* [YOUR GOAL]
For the data below, retype word for word the lines from the one containing "Fizeram parte da" through the one containing "Ceremonia de entrega"; drop the pictures.

SOURCE RECORDS Start Marker

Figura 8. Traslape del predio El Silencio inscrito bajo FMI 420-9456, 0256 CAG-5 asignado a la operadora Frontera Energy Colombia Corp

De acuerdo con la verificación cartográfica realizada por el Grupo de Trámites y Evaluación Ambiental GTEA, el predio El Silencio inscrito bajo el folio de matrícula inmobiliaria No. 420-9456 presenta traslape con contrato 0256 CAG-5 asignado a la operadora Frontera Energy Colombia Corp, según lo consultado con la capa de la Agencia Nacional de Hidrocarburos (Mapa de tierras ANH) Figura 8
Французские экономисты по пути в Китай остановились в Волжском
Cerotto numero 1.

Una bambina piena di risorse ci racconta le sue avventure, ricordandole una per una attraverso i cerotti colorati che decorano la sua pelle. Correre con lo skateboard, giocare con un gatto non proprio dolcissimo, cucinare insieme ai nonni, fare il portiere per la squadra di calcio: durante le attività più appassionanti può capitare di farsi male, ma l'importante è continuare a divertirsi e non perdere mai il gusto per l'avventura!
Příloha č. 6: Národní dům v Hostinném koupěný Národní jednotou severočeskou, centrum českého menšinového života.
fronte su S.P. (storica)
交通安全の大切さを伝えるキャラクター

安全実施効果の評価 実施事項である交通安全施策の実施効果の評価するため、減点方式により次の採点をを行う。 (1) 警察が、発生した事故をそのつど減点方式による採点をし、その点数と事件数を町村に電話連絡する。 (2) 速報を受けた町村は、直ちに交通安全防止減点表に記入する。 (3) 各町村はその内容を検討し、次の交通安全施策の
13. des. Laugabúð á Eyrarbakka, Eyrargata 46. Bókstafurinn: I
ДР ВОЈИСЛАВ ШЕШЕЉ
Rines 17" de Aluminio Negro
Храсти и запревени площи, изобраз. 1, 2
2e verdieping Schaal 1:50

SOURCE RECORDS End Marker
SOURCE RECORDS Start Marker

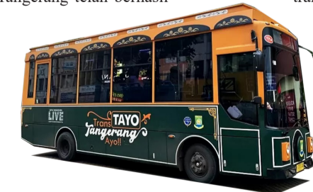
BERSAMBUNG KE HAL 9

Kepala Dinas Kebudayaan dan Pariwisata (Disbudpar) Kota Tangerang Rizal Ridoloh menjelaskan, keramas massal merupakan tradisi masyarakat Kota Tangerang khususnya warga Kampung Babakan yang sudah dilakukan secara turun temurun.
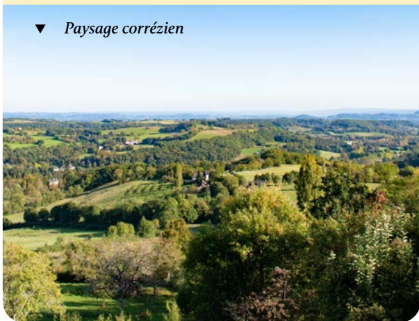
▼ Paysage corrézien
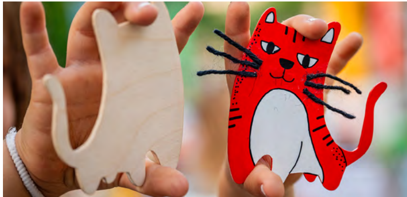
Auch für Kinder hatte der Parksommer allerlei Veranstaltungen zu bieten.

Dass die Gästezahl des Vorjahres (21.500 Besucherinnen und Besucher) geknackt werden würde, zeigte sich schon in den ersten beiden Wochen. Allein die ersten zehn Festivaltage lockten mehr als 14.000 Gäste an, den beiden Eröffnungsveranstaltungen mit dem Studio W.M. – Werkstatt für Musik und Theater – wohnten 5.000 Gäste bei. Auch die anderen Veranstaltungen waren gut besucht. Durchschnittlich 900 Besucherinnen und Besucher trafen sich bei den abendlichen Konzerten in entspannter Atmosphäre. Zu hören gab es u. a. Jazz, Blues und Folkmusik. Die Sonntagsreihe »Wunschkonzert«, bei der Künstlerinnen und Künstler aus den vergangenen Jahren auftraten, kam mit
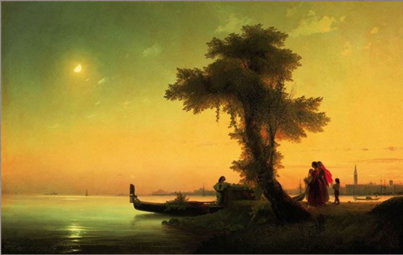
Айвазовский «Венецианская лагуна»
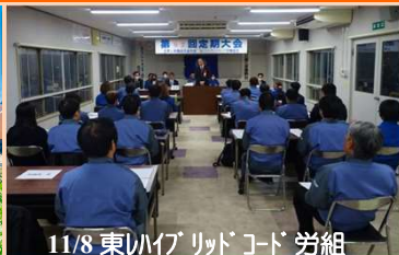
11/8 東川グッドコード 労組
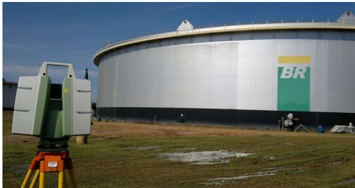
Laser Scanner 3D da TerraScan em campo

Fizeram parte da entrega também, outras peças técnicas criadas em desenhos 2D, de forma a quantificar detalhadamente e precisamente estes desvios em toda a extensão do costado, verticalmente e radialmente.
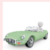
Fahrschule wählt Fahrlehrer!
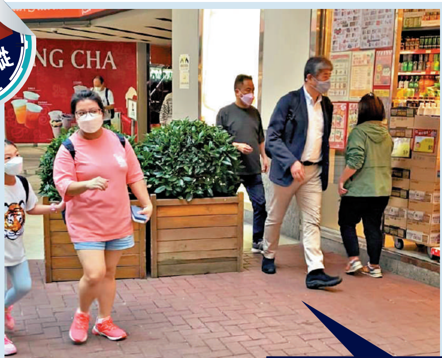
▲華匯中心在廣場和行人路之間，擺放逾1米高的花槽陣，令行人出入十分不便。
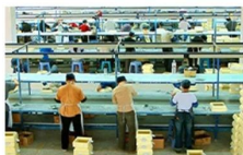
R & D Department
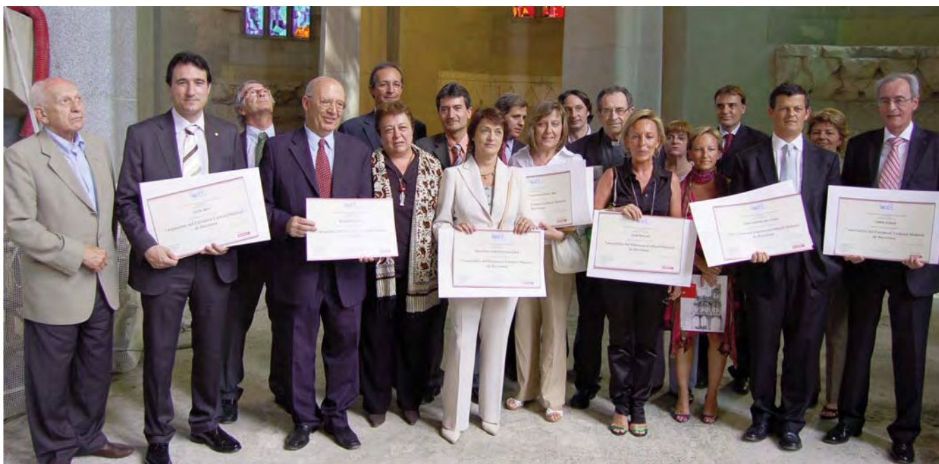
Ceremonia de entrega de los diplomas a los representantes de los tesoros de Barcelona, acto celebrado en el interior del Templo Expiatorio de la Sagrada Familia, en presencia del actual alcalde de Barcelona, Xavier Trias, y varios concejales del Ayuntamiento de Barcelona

SOURCE RECORDS End Marker

* [RESULT OF THIS TASK]
Fizeram parte da entrega também, outras peças técnicas criadas em desenhos 2D, de forma a quantificar detalhadamente e precisamente estes desvios em toda a extensão do costado, verticalmente e radialmente.
Fahrschule wählt Fahrlehrer!
▲華匯中心在廣場和行人路之間，擺放逾1米高的花槽陣，令行人出入十分不便。
R & D Department
Ceremonia de entrega de los diplomas a los representantes de los tesoros de Barcelona, acto celebrado en el interior del Templo Expiatorio de la Sagrada Familia, en presencia del actual alcalde de Barcelona, Xavier Trias, y varios concejales del Ayuntamiento de Barcelona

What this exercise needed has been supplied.